Start of Block

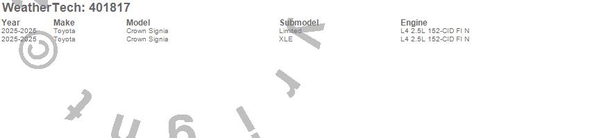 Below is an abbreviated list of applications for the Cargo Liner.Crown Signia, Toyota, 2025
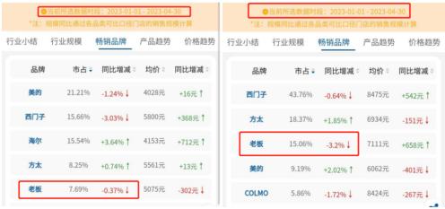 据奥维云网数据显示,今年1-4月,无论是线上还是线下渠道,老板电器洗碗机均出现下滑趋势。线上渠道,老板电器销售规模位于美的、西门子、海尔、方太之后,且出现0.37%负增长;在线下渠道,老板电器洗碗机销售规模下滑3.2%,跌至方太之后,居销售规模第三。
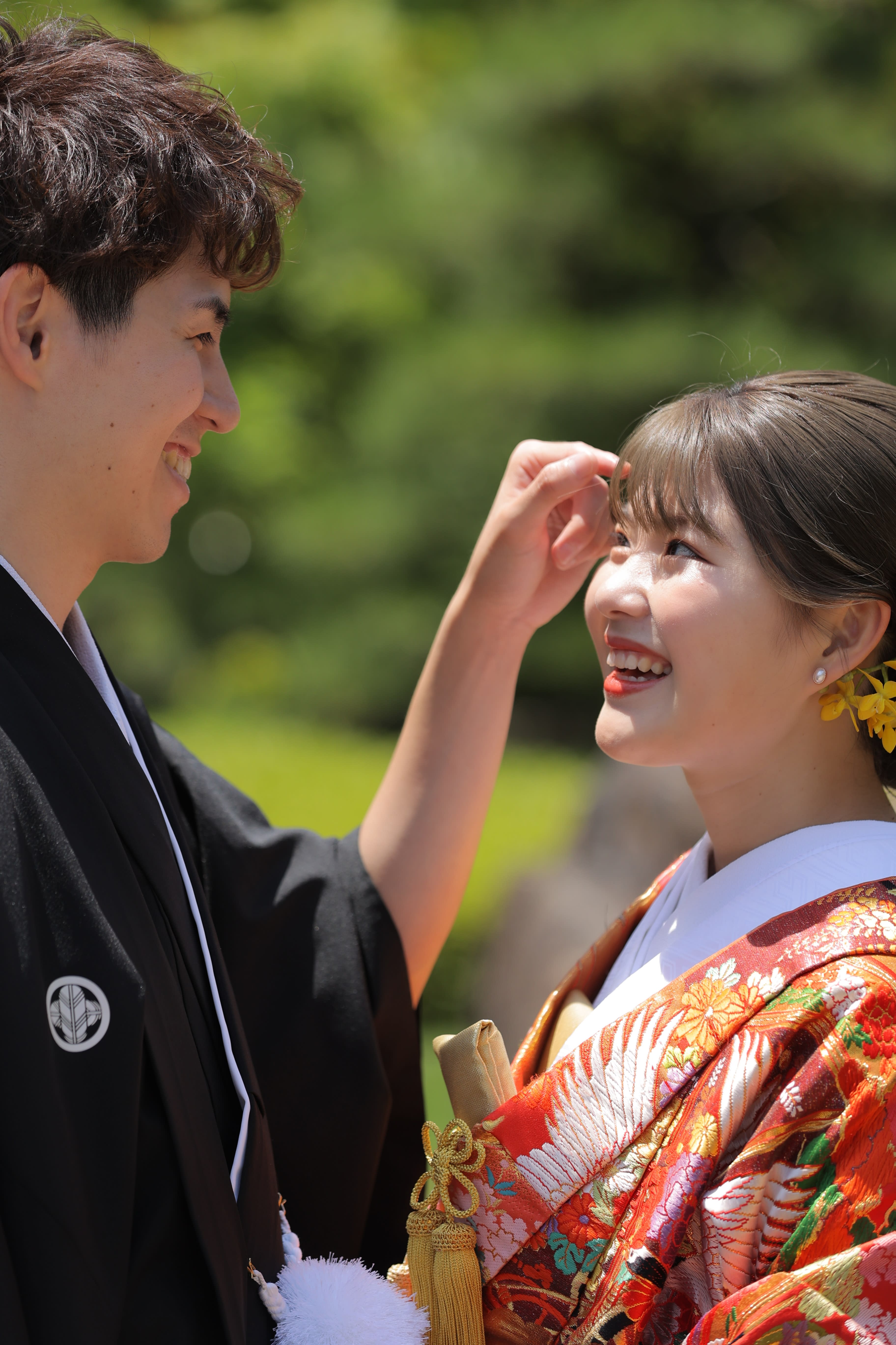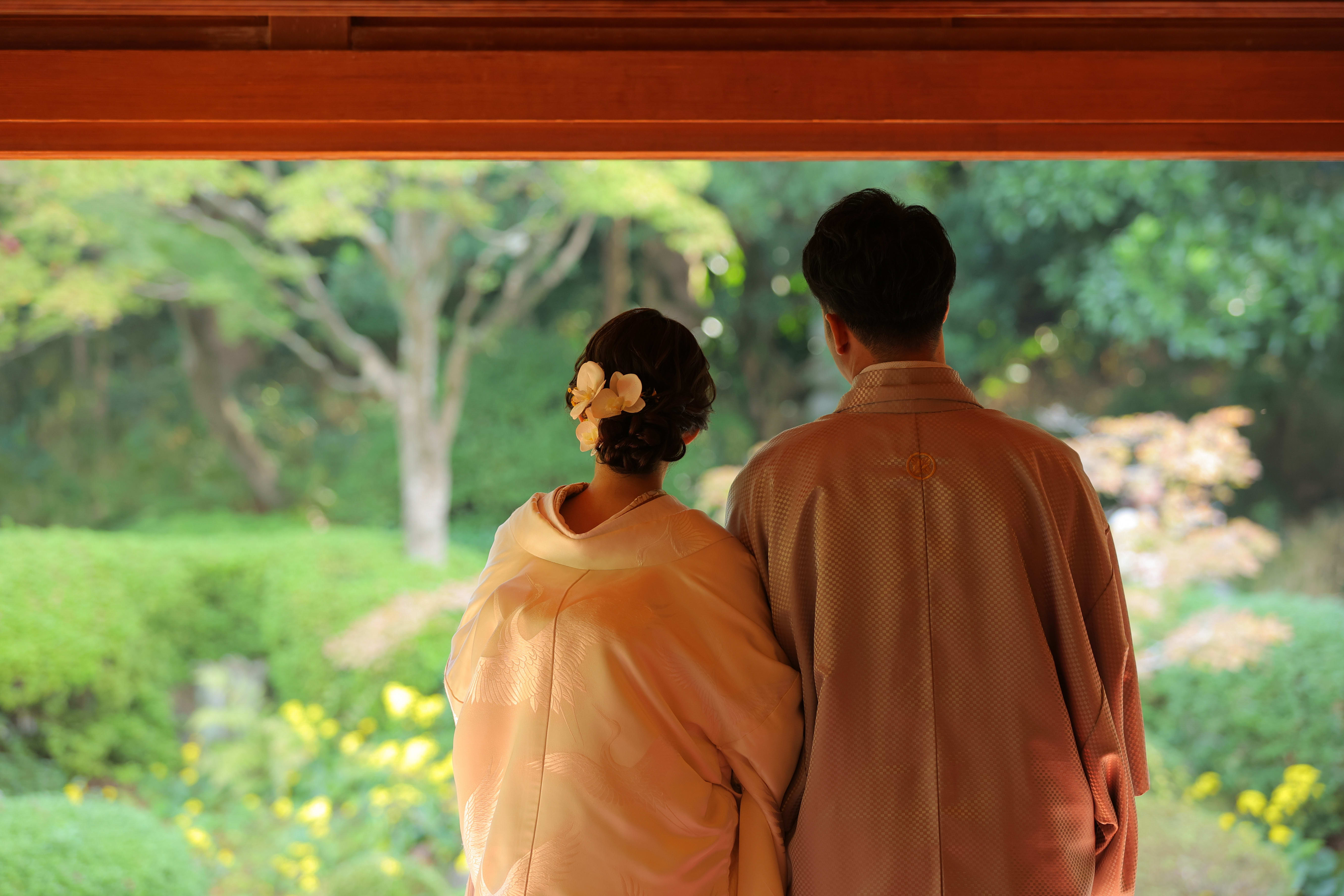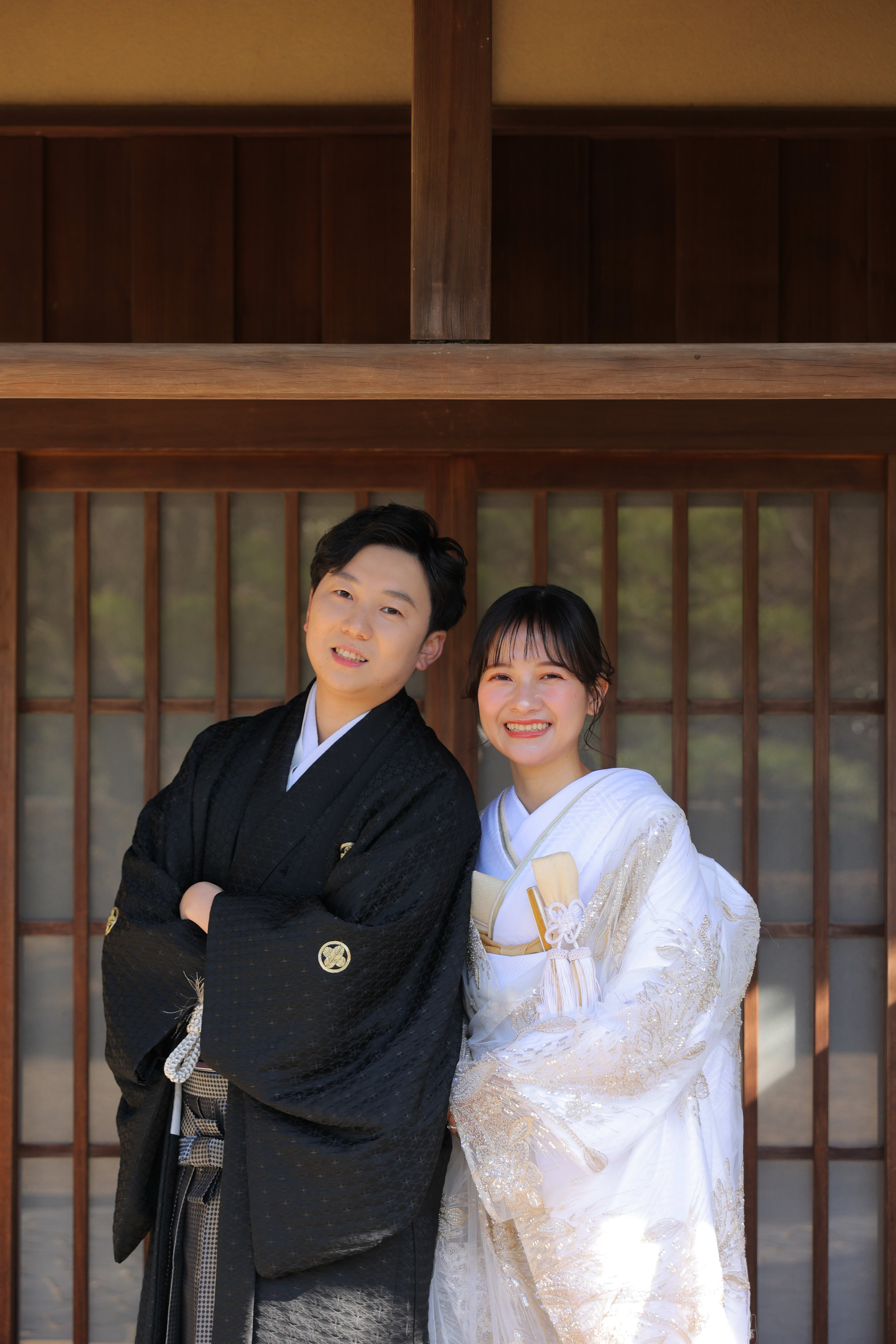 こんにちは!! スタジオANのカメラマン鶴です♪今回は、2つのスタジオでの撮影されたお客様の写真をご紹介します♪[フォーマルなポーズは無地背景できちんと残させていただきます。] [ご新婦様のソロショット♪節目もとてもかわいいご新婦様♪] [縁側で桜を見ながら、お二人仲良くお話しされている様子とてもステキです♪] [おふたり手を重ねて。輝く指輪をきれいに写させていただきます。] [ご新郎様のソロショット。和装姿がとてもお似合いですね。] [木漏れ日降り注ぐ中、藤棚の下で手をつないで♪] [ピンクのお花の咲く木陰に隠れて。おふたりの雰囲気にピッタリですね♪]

End of Block
Start of Block

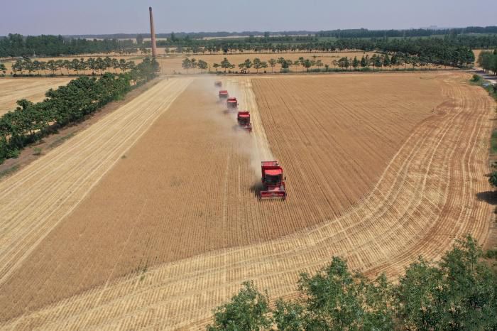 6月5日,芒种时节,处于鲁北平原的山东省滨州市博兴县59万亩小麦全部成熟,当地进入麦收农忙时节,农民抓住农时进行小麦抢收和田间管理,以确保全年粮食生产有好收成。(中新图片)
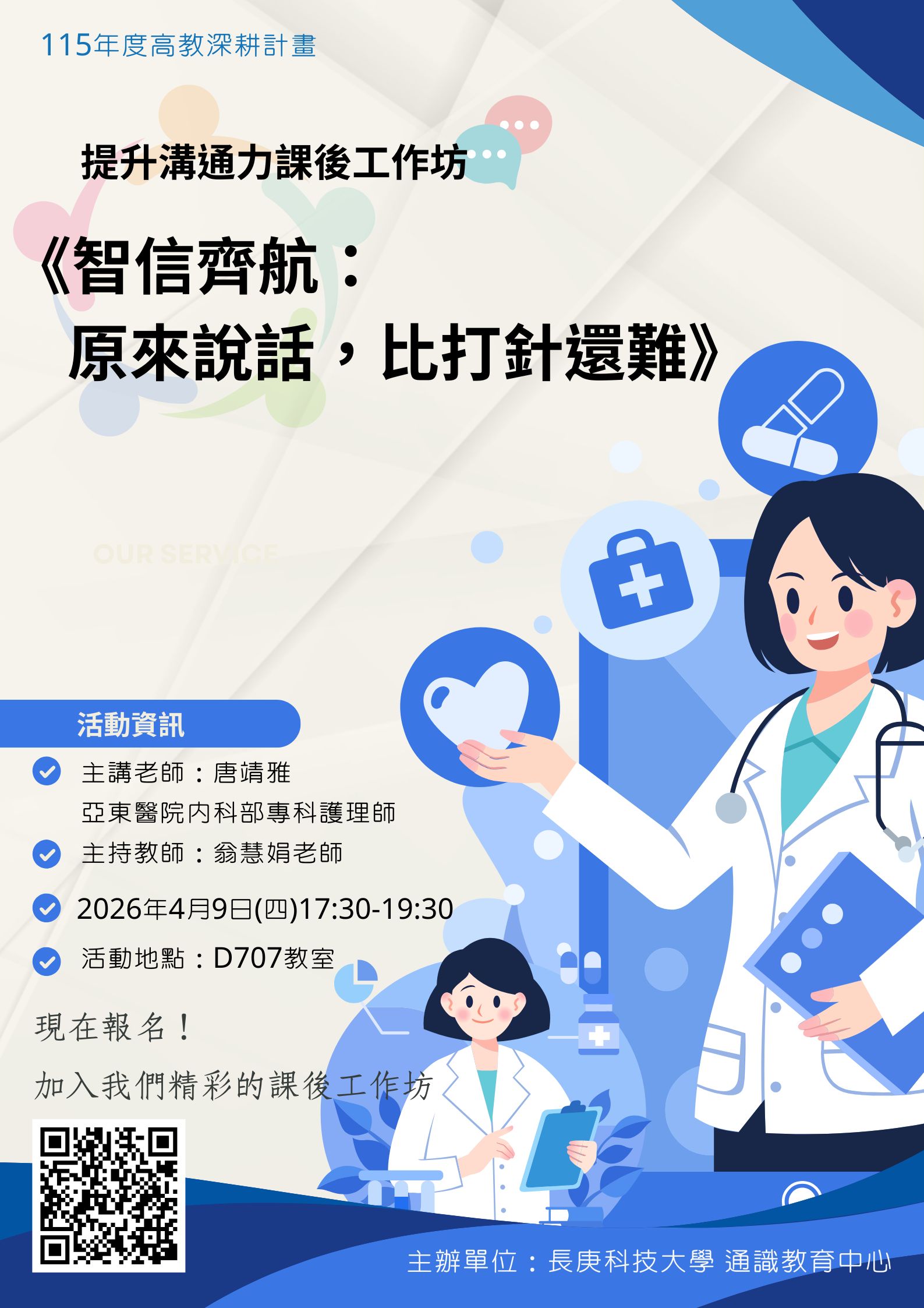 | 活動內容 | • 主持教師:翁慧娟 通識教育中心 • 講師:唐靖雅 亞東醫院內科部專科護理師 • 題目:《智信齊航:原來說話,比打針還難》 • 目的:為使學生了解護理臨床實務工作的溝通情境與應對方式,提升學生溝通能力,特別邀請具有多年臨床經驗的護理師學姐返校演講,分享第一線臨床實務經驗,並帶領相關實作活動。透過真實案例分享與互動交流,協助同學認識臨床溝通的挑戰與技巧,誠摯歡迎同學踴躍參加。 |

End of Block
Start of Block

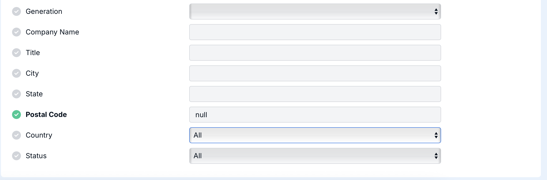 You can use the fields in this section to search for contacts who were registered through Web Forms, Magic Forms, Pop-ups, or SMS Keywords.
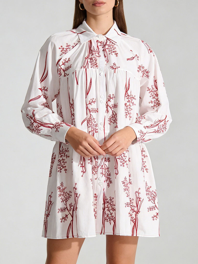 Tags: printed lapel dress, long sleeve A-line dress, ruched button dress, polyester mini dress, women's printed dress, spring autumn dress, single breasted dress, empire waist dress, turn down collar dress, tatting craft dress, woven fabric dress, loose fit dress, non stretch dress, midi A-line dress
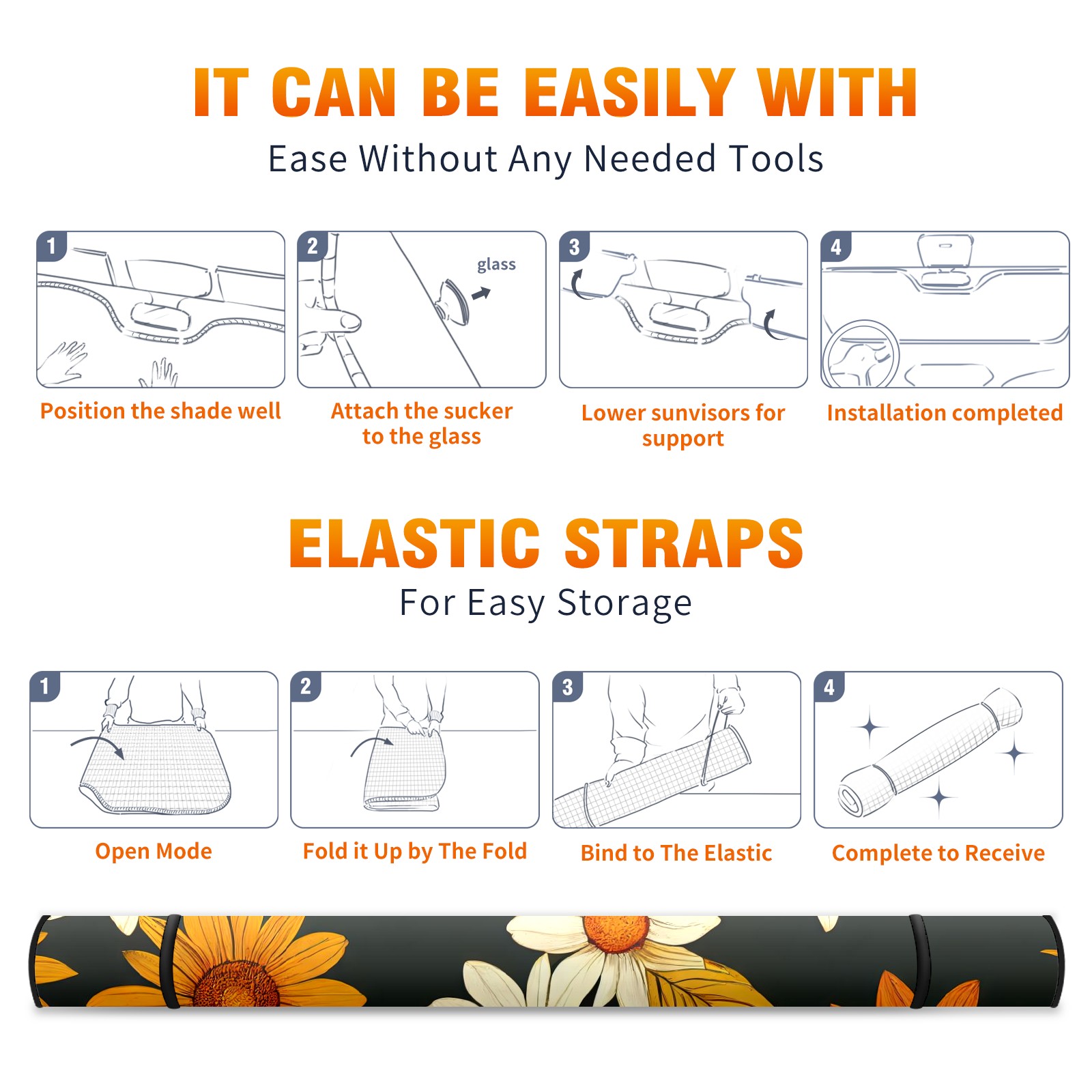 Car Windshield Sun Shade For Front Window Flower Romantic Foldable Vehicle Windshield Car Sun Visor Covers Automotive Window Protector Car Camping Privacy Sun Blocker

End of Block

» AIM OF THE EXERCISE:
Retype only the lines above from the one with "Tags: printed lapel" through the one with "Car Windshield Sun", exactly and with both ends. Images stay out.

» TASK SOLUTION:
 Tags: printed lapel dress, long sleeve A-line dress, ruched button dress, polyester mini dress, women's printed dress, spring autumn dress, single breasted dress, empire waist dress, turn down collar dress, tatting craft dress, woven fabric dress, loose fit dress, non stretch dress, midi A-line dress
 Car Windshield Sun Shade For Front Window Flower Romantic Foldable Vehicle Windshield Car Sun Visor Covers Automotive Window Protector Car Camping Privacy Sun Blocker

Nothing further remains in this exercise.